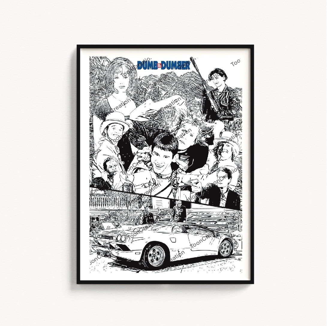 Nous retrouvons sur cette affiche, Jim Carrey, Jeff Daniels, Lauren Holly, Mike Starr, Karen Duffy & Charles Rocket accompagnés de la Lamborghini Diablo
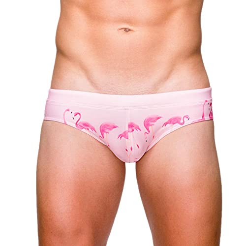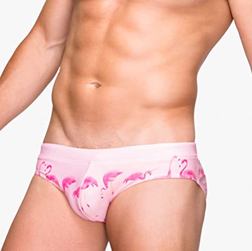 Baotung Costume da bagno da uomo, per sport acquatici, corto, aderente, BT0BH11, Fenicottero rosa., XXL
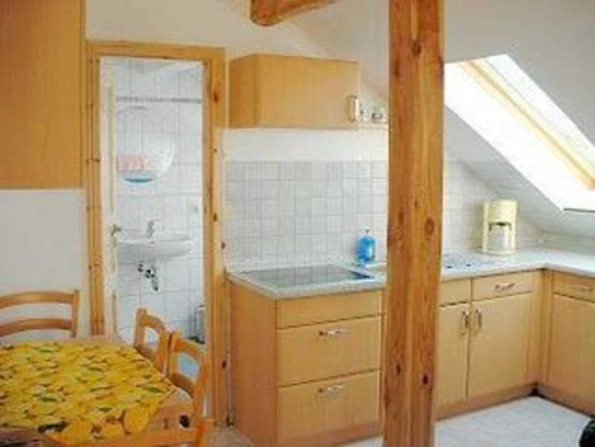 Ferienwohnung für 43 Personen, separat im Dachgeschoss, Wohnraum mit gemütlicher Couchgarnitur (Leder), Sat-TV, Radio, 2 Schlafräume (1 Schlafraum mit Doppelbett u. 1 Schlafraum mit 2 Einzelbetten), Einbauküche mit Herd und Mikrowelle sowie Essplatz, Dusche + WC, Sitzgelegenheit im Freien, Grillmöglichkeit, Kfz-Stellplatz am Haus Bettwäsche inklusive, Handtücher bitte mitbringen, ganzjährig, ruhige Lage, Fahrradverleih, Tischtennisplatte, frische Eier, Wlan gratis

WHAT NEEDS TO BE DONE: Repeat the listing above verbatim, but exclude the pictures it contains.

ANSWER TO THIS EXERCISE:
 Nous retrouvons sur cette affiche, Jim Carrey, Jeff Daniels, Lauren Holly, Mike Starr, Karen Duffy & Charles Rocket accompagnés de la Lamborghini Diablo
 Baotung Costume da bagno da uomo, per sport acquatici, corto, aderente, BT0BH11, Fenicottero rosa., XXL
 Ferienwohnung für 43 Personen, separat im Dachgeschoss, Wohnraum mit gemütlicher Couchgarnitur (Leder), Sat-TV, Radio, 2 Schlafräume (1 Schlafraum mit Doppelbett u. 1 Schlafraum mit 2 Einzelbetten), Einbauküche mit Herd und Mikrowelle sowie Essplatz, Dusche + WC, Sitzgelegenheit im Freien, Grillmöglichkeit, Kfz-Stellplatz am Haus Bettwäsche inklusive, Handtücher bitte mitbringen, ganzjährig, ruhige Lage, Fahrradverleih, Tischtennisplatte, frische Eier, Wlan gratis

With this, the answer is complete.